Почему мы не применяем термин «пейзаж» по отношению к иконе? Причин — несколько: во-первых, слово «пейзаж» древним иконописцам было неведомо (оно вошло в русский язык из французского только с 18 века); во-вторых, пейзажа как такового в иконописи до второй половины 16 века просто нет; то, что хочется назвать пейзажем, членится в ней на отдельные символические элементы, организованные исключительно теоцентрично, этим Божественным центром и сводимые в единый текст; в-третьих, икона представляет нам мир, преображенный или вообще не поврежденный грехом (отсюда и символы: иначе человек теперь его не воспримет и, стало быть, не изобразит), — а пейзаж запечатлевает мир после грехопадения и без следов какого бы то ни было преображения.

Западноевропейский пейзажист 16-17 вв. особо ведь и не пламенеет христианскими идеями, он достаточно занят собой: «… эта живопись не питается религиозными объектами, а лишь объектами физическими, взятыми из внешнего мира природы, но которые в чем-то близки по духу.

«Свободная жизненность природы, проявляется в них и создает определенную гармонию с человеческой душой, как будто она (природа) сама была живой (Гегель — В.К.)». [2]

Так, наиважнейшим содержанием картины Альбрехта Альтдорфера «Лесной пейзаж со святым Георгием» (1510 г.) является лес, а не религиозный сюжет. Изображение св.

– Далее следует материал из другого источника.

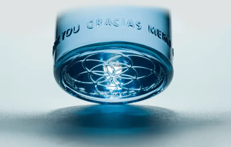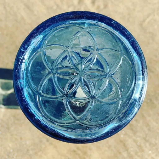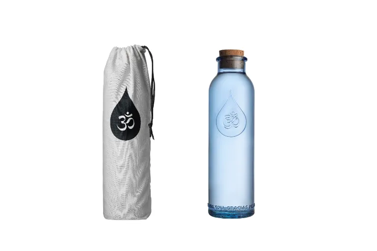 Le Ratio d’Or (la structure que nous trouvons dans la Nature), le symbole OM (le son de la Création), la couleur Bleue pour solariser l’eau, la Graine de Vie pulsant du fond et la Gratitude, sont unis dans cette bouteille pour augmenter positivement la vibration de l’eau et donc, aussi de ceux qui boivent l’eau de cette bouteille!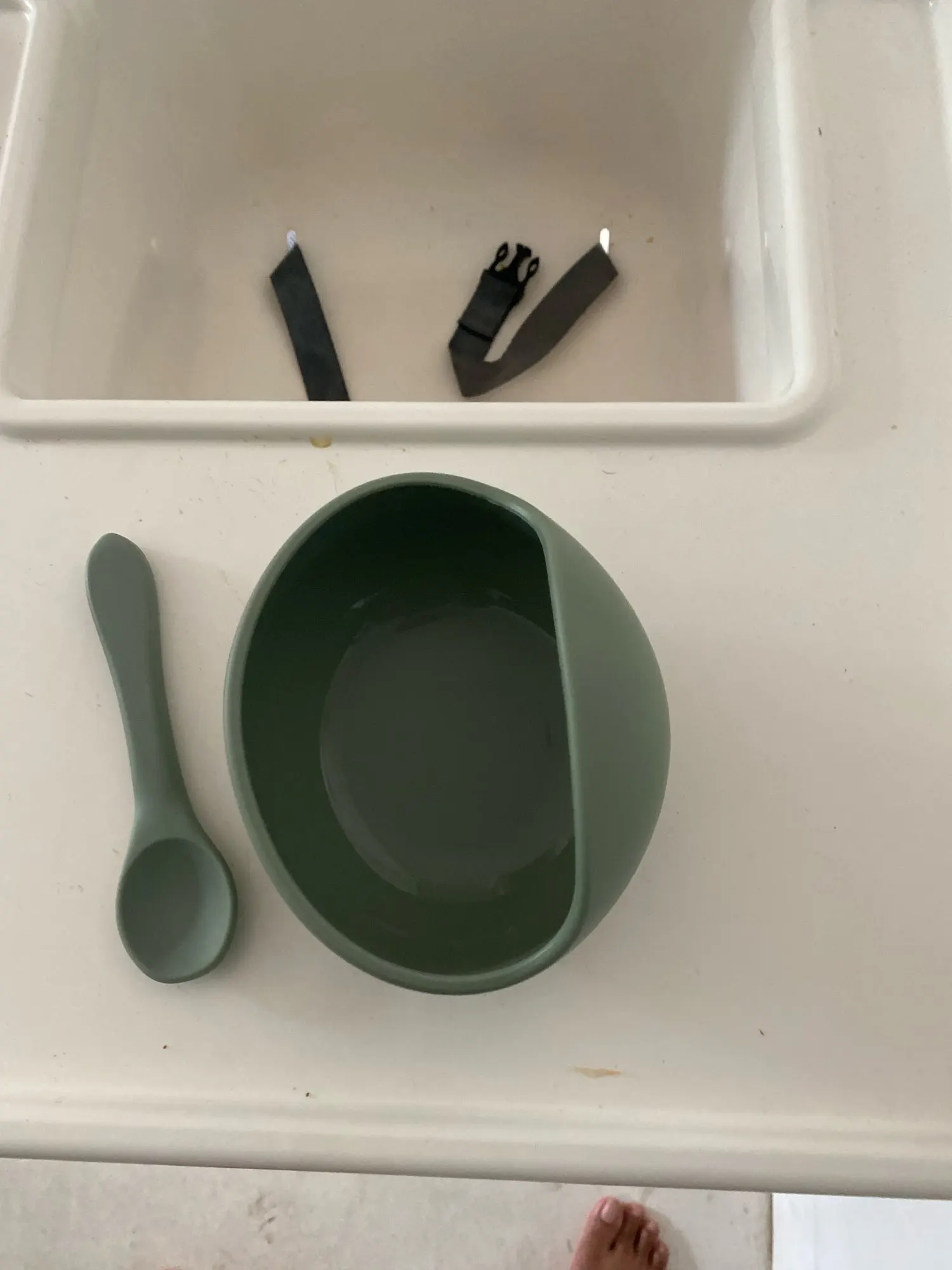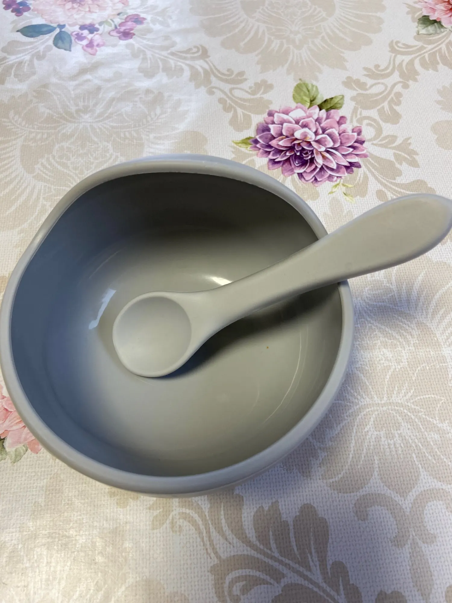 Очень очень довольна покупкой!! Мягкий силикон, красивый оттенок, отлично прилипает к детскому пластиковому столику! Ложка такая приятная что ребёнок иногда просто грызёт в качестве грызунка, но никаких следов на ней не остаётся!

Георгия сведено тут к живописному пятну, и не больше.

В отношении западноевропейского пейзажа замечание Гегеля вполне справедливо: для художника, пусть самого религиозно настроенного, в этом жанре и в этот период главное не Создатель природы, а его творение — природа.

Начало такому явлению надо искать в эпоху позднего Возрождения (16 в.), на роскошных приальпийских землях Австрии и Швейцарии. Именно там находится родина пейзажной живописи. [3]

Что же воспитало данный жанр обособленно, вычленило его из классической композиции, где нередко та или иная сцена разворачивалась на фоне пейзажа? Виной тому, бесспорно, — дух времени. Почвой, на которой вырос пейзаж как жанр, следует назвать пантеизм. Идеологическое строение его покоится на фундаменте антропоцентризма Ренессанса. По определению Отто Бенеша, впервые искусство «осуществляет то, что философия выражает понятием микрокосм. Философы и ученые подразумевают под словом «микрокосм» прежде всего человека, который в малом масштабе, отражает все, что содержит в себе макрокосм, или вселенная. Это указывает на то, что макрокосм тоже рассматривается как организм. Мельчайшая частица была неразрывно связана с целым, подобно тому как передний план пейзажа объединен с задним своим органическим строением и воздушным пространством. Так пантеизм рассматривает Бога, как обитающего одновременно и в бесконечности вселенной и в мельчайшей ее частице. Микрокосм отражает макрокосм. Эта связь становится подлинной в произведениях ранних пейзажистов». [4]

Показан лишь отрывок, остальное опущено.